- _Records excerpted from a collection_
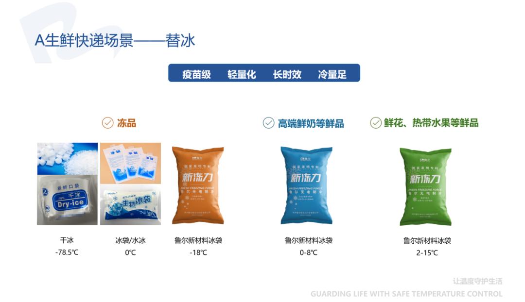 除此以外,在同城配送、零担快运等场景中,鲁尔新材可为客户提供切实有效、降本增效的冷链包材产品与解决方案。
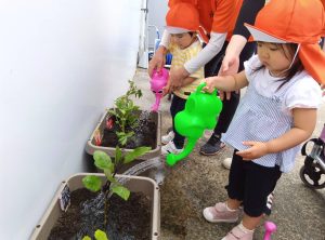 これから大きな実が生るまで、みんなで水やりを頑張ります![]()
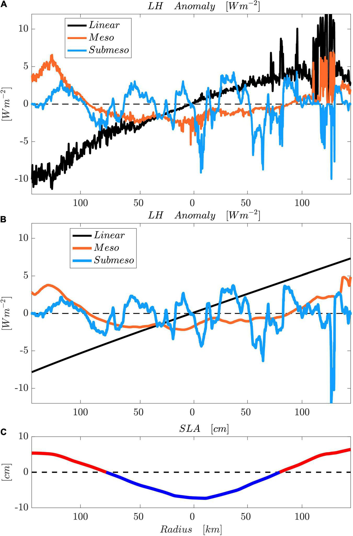 The other meteorological parameters used to estimate the LH are set to be the same for and . A similar relation can be used to obtain the LH anomalies associated with submesoscale processes (or large-scale linear front in Figures 1B, 2A) by replacing θmeso with θsubmeso (θlinear). In addition, the LH anomalies associated with the submesoscale processes can be also estimated by the following relation:
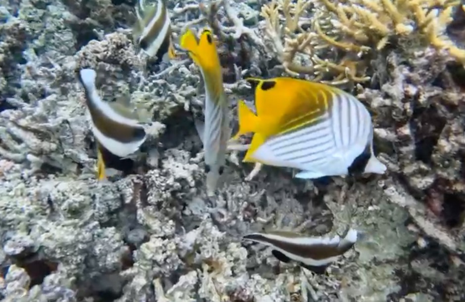 The second island we stayed at for three days was Moorea. Just like other posts on this site had described it, the snorkeling was wonderful at the Sofitel Kia Ora Moorea Beach Resort, on the left side of the overwater bungalows. The hotel had aged a little since I had been there about 15 years ago, having occasional problems with air-conditioning for example. But the snorkeling, even though the underwater scenery had changed, was lovely with much staghorn and other coral and bannerfish, blue chromis, a yellow pufferfish, and many other reef fish. We also did a picturesque and interesting land tour.
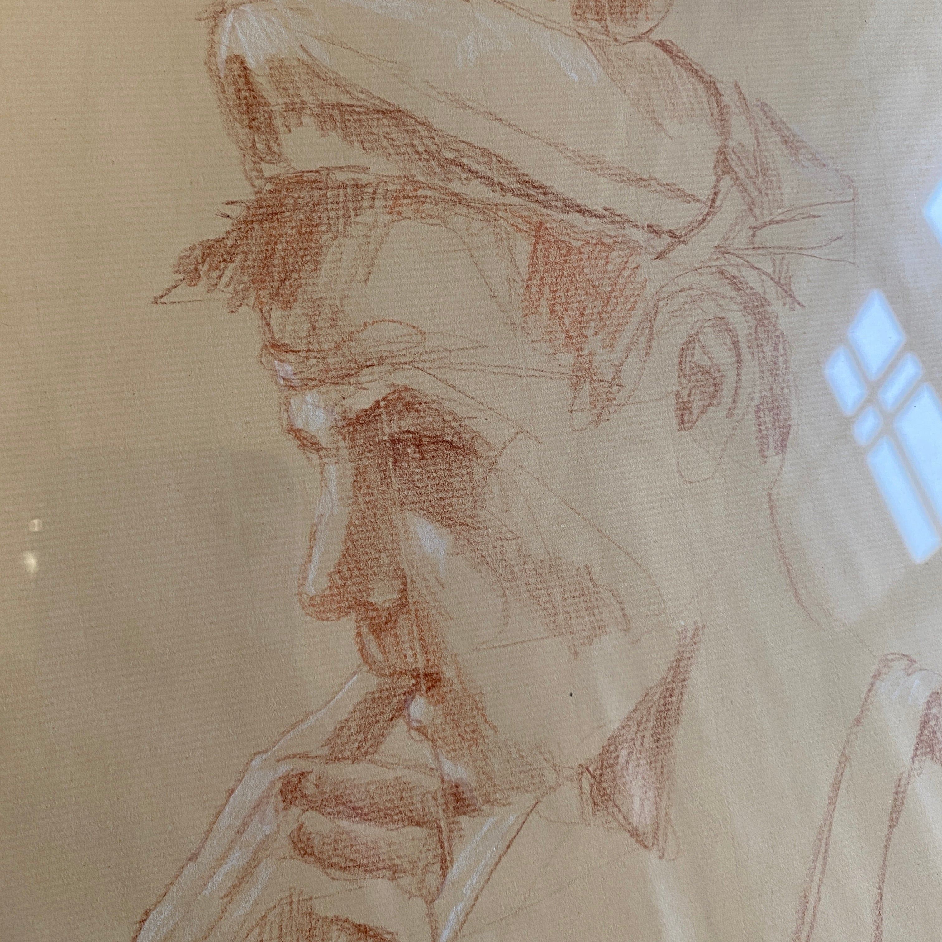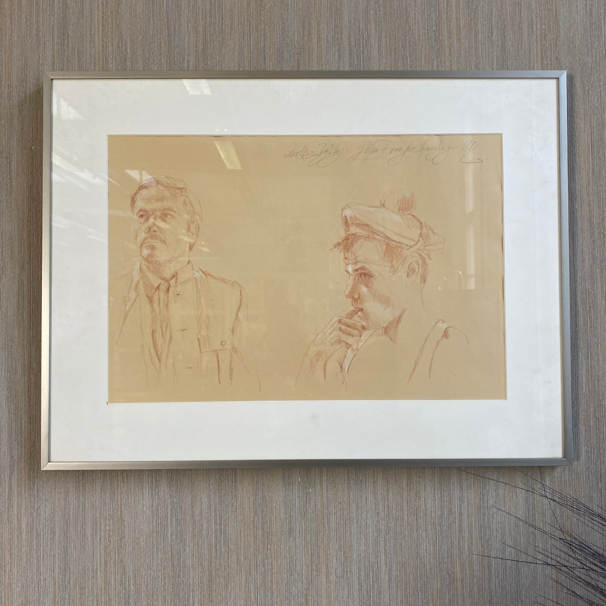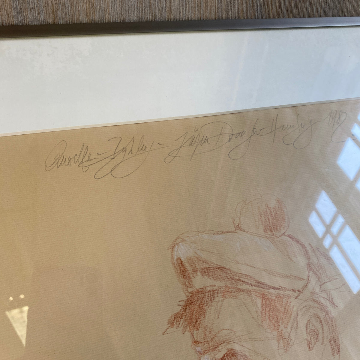 + Gerahmte Zeichnung auf Ingres-Bütten Papier
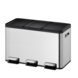 De EKO Essential Splitted Pedaalemmer 10+10+10L is een rechthoekige pedaalemmer van geborsteld RVS met fingerprint proof coating en voorzien van gedempt sluitende kunststof deksels. De drie pedalen geven afzonderlijk toegang tot de kunststof binnenemmers (3x 10 liter) voor het scheiden van afval. De stay-open functie vergrendelt het deksel, voor het makkelijk schoonmaken van de afvalbak of wisselen van de afvalzak.
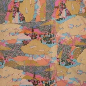 Colors are shades of brown, tan, pink, orange, blue.
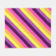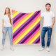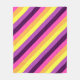 En medelstor filt av fleece med en söt, färglös mönster-utformning av diagonalt rand i lila av plommon, lavender, citrongult, melonorange och ljus magenta.
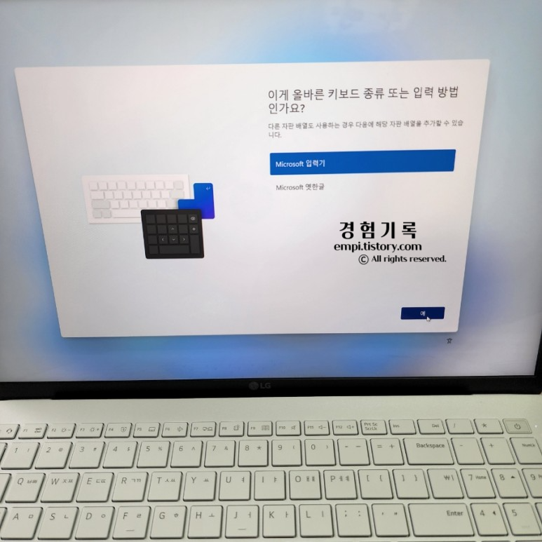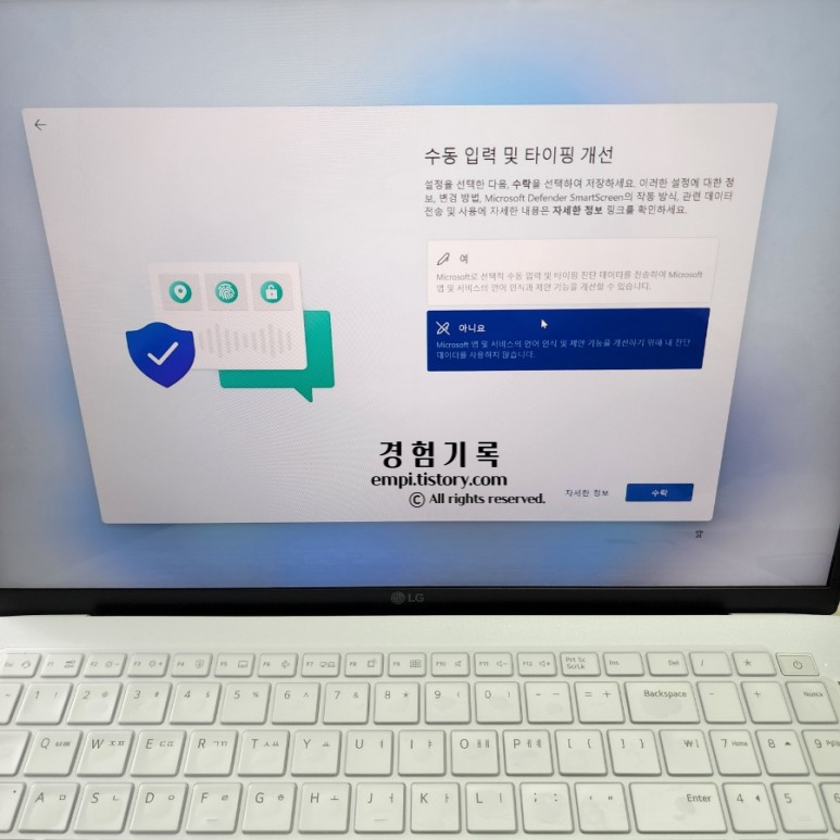 수동 입력 및 타이핑 개선은 아니요로 했습니다. 예를 해도 무방 합니다.
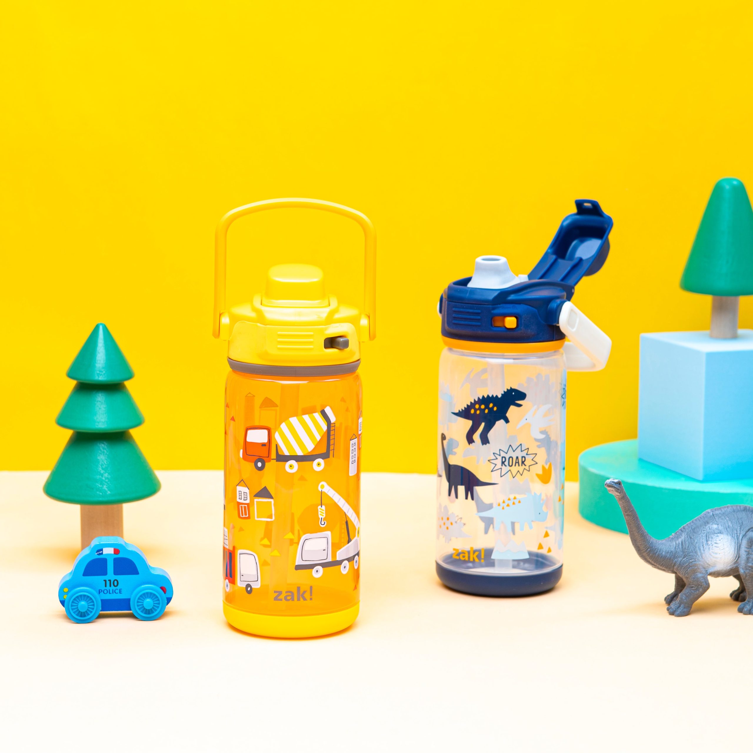 Every adventure needs the perfect hydration companion. and the 16-ounce Beacon bottle from zak! is designed to keep up with your child’s busy day. Featuring a spill-proof silicone spout and a convenient push-button lid. this water bottle eliminates leaks and ensures an easy. mess-free experience. The wide carrying handle is ideal for little hands to grab and go and parents will love the protective bumper for added durability. making it perfect for active kids. Plus. the top-rack dishwasher-safe design makes clean-up a breeze. With a variety of bold. colorful designs. the Beacon Bottle is as stylish as it is functional. making hydration fun and hassle-free for kids and parents alike.

- _YOUR ASSIGNMENT_
Set the records down again exactly, with no pictures.

- _SOLUTION BELOW_
 除此以外,在同城配送、零担快运等场景中,鲁尔新材可为客户提供切实有效、降本增效的冷链包材产品与解决方案。
 これから大きな実が生るまで、みんなで水やりを頑張ります![]()
 The other meteorological parameters used to estimate the LH are set to be the same for and . A similar relation can be used to obtain the LH anomalies associated with submesoscale processes (or large-scale linear front in Figures 1B, 2A) by replacing θmeso with θsubmeso (θlinear). In addition, the LH anomalies associated with the submesoscale processes can be also estimated by the following relation:
 The second island we stayed at for three days was Moorea. Just like other posts on this site had described it, the snorkeling was wonderful at the Sofitel Kia Ora Moorea Beach Resort, on the left side of the overwater bungalows. The hotel had aged a little since I had been there about 15 years ago, having occasional problems with air-conditioning for example. But the snorkeling, even though the underwater scenery had changed, was lovely with much staghorn and other coral and bannerfish, blue chromis, a yellow pufferfish, and many other reef fish. We also did a picturesque and interesting land tour.
 + Gerahmte Zeichnung auf Ingres-Bütten Papier
 De EKO Essential Splitted Pedaalemmer 10+10+10L is een rechthoekige pedaalemmer van geborsteld RVS met fingerprint proof coating en voorzien van gedempt sluitende kunststof deksels. De drie pedalen geven afzonderlijk toegang tot de kunststof binnenemmers (3x 10 liter) voor het scheiden van afval. De stay-open functie vergrendelt het deksel, voor het makkelijk schoonmaken van de afvalbak of wisselen van de afvalzak.
 Colors are shades of brown, tan, pink, orange, blue.
 En medelstor filt av fleece med en söt, färglös mönster-utformning av diagonalt rand i lila av plommon, lavender, citrongult, melonorange och ljus magenta.
 수동 입력 및 타이핑 개선은 아니요로 했습니다. 예를 해도 무방 합니다.
 Every adventure needs the perfect hydration companion. and the 16-ounce Beacon bottle from zak! is designed to keep up with your child’s busy day. Featuring a spill-proof silicone spout and a convenient push-button lid. this water bottle eliminates leaks and ensures an easy. mess-free experience. The wide carrying handle is ideal for little hands to grab and go and parents will love the protective bumper for added durability. making it perfect for active kids. Plus. the top-rack dishwasher-safe design makes clean-up a breeze. With a variety of bold. colorful designs. the Beacon Bottle is as stylish as it is functional. making hydration fun and hassle-free for kids and parents alike.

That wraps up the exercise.